Upcoming Base Training Phase
Hopefully everyone is having a nice relaxing Sunday laying on the coaching and watching the Masters! First off congrats to everyone for a great showing during test week, not only was there quite a few PRs, but just an overall great vibe in the gym. Now that we’ve successfully completed test week I’m here to give you some insight on what to expect the next 3 weeks.
Once again a quick review on how we run our training cycles:
Week 1: Test Week
Week 2-7: Training
Week 8: Retest Week
Week’s 9 & 10: Transition weeks
Tomorrow we start our training period which we’ll break into to two phases:
3 week Base Phase
3 week Peak Phase
In the base phase my goals are:
- Increase proficiency in Olympic lifts
- Improve overall strength
- Improve isometric and eccentric control in gymnastic movements
Our Schedule will breakdown in the following way
Monday – Olympic Lifting, lower body strength, and shorter heavier conditioning work
Tuesday – Gymnastics, upper body strength, and moderate weight length conditioning
Wednesday – Olympic Lifting, lower body strength, and posterior chain work
Thursday – Gymnastics, upper body strength, and moderate weight length conditioning
Friday – Lighter weight longer conditioning work
Saturday – Team Workouts, and muscle up skill work
My schedule recommendation is plan to train Monday through Thursday and pick either Friday or Saturday as a rest day. This schedule will allow for balanced development, and give you the full scope of the program.

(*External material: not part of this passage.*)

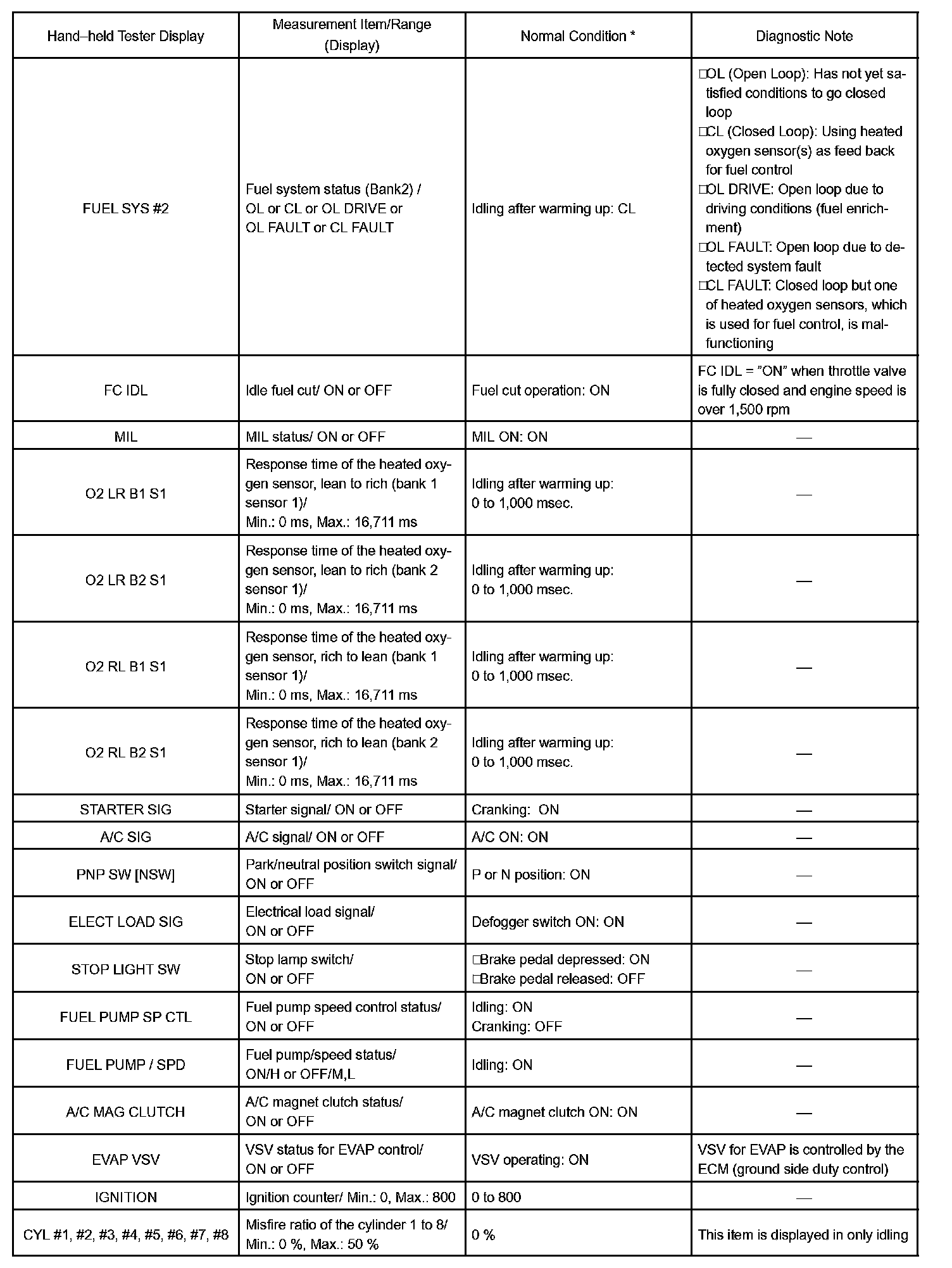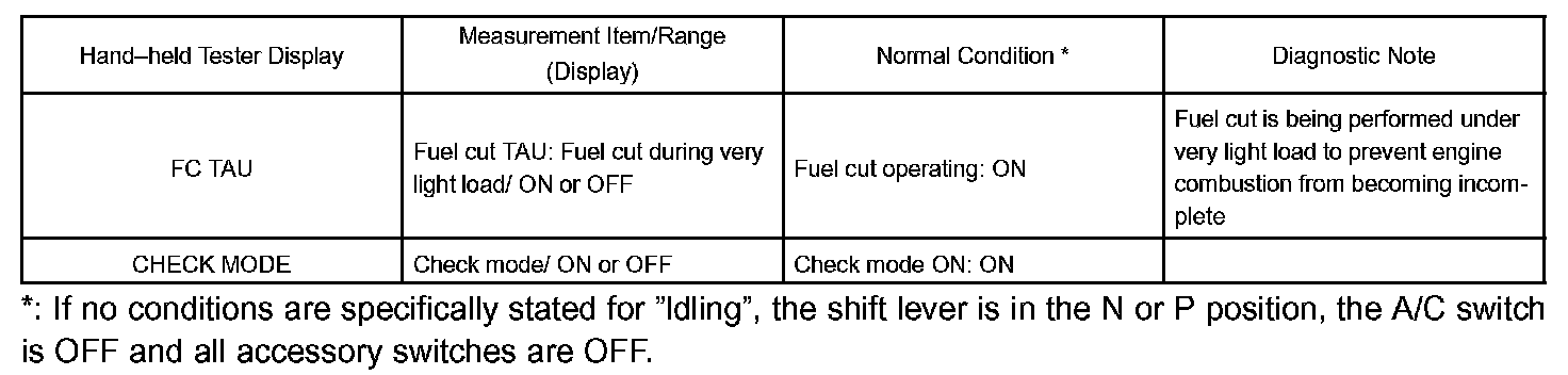 DATA LISTHINT: Using the hand-held tester DATA LIST allows switch, sensor, actuator and other item values to be read without removing any parts. Reading DATA LIST early in troubleshooting is one way to shorten labor time.

Finally during the base phase our priority will be on becoming more proficient in movements and physical qualities. My challenge to all our athletes is to commit yourselves to moving well and to be precise in the skills that we are trying to develop. Prioritize your efficiency of movement over the weight on the bar or time on the clock. We’ll have plenty of time to compete during our peak phase and retest week.